Hess’s law of constant heat summation states that the amount of heat absorbed or evolved in a given chemical equation remains the same whether the process occurs in one step or several steps.

According to this law, the chemical equation is treated as ordinary algebraic expressions and can be added or subtracted to yield the required equation.
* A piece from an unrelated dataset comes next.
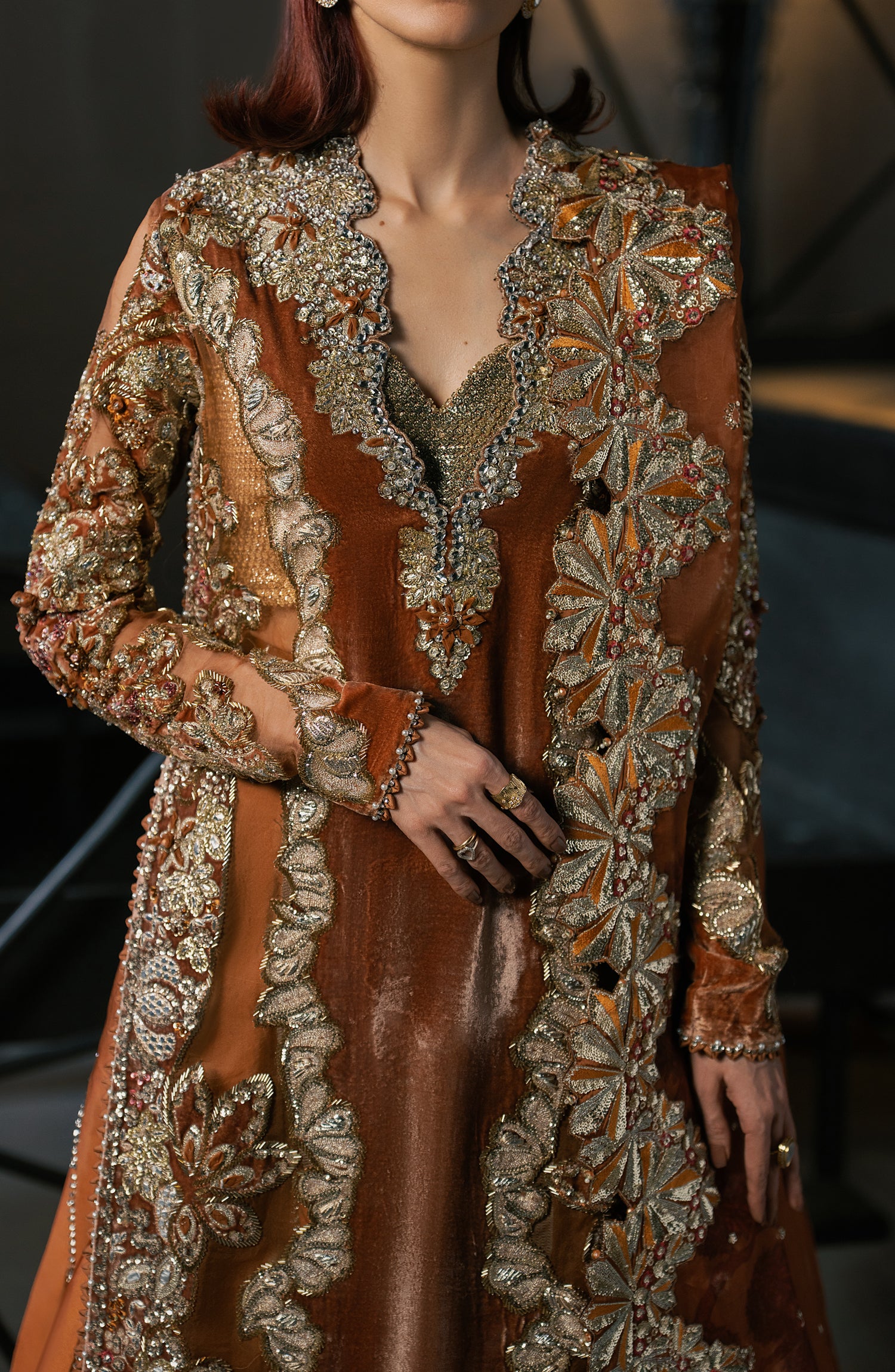 RUST VELVET 42" HAND EMBELLISHED EMBROIDERED FRONT HEM B 1 PC

This means that the enthalpy change of the overall reaction is equal to the sum of the enthalpy changes of the intermediate reactions.

The given chemical reaction follows:

P_4(g)+10Cl_2(g)\rightarrow 4PCl_5(s)      \Delta H^o_{rxn}=?
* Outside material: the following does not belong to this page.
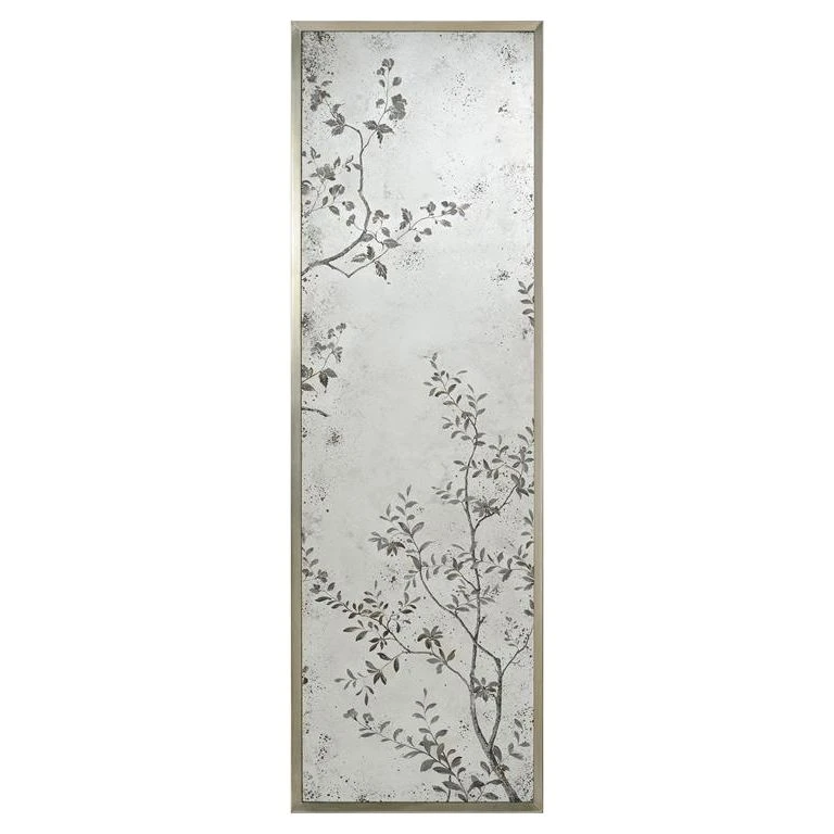 The Set of 3 Pastoral Mirror Panels depict a gorgeous scene with detailed flora displayed across reverse hand-painted mirrors. A stylish, chamfered frame in Pewter Silver provides beautifully complements to the artwork’s neutral tones. The panels come equipped with French cleats and are meant to be displayed from a vertical orientation.

The intermediate balanced chemical reaction are:

(1) PCl_5(s)\rightarrow PCl_3(g)+Cl_2(g)    \Delta H_1=157kJ   ( × 4)

(2) P_4(g)+6Cl_2(g)\rightarrow 4PCl_3(g)     \Delta H_2=-1207kJ

The expression for enthalpy of the reaction follows:

\Delta H^o_{rxn}=[4\times (-\Delta H_1)]+[1\times \Delta H_2]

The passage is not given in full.